What you need to do
Send back the line that contains "The 3D sensor" and all lines following it through the end of the data below, exactly, omitting pictures.

--- Given information ---

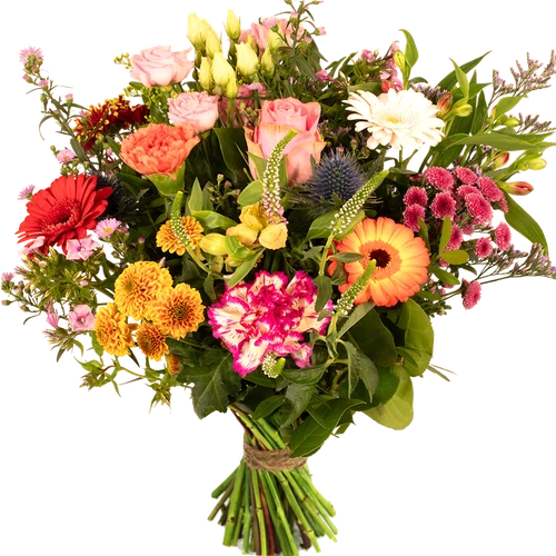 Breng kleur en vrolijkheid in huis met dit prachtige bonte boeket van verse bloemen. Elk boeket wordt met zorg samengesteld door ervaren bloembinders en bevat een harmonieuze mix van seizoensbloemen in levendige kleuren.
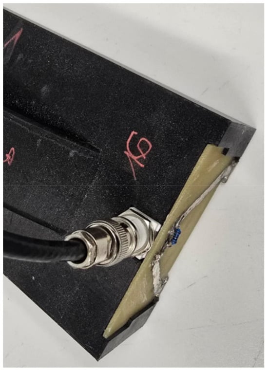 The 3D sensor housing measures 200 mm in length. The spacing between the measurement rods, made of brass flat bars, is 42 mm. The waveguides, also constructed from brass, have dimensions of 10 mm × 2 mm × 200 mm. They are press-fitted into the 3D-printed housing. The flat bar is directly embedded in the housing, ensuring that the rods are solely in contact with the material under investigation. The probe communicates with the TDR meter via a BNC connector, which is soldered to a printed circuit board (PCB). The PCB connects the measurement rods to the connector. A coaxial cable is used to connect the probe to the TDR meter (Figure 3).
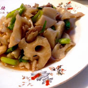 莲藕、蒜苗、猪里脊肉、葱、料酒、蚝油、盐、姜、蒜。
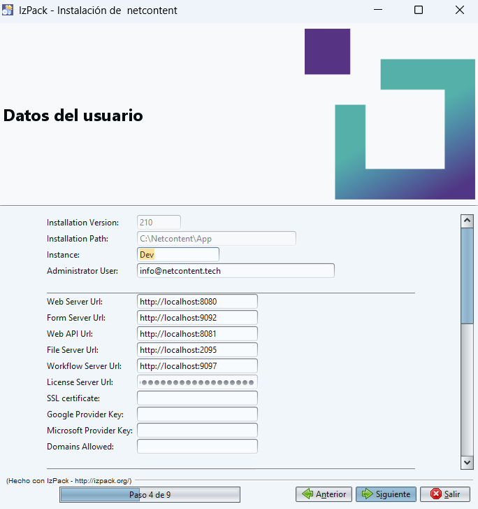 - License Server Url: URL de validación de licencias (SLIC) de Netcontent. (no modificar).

---

Answer section
 The 3D sensor housing measures 200 mm in length. The spacing between the measurement rods, made of brass flat bars, is 42 mm. The waveguides, also constructed from brass, have dimensions of 10 mm × 2 mm × 200 mm. They are press-fitted into the 3D-printed housing. The flat bar is directly embedded in the housing, ensuring that the rods are solely in contact with the material under investigation. The probe communicates with the TDR meter via a BNC connector, which is soldered to a printed circuit board (PCB). The PCB connects the measurement rods to the connector. A coaxial cable is used to connect the probe to the TDR meter (Figure 3).
 莲藕、蒜苗、猪里脊肉、葱、料酒、蚝油、盐、姜、蒜。
 - License Server Url: URL de validación de licencias (SLIC) de Netcontent. (no modificar).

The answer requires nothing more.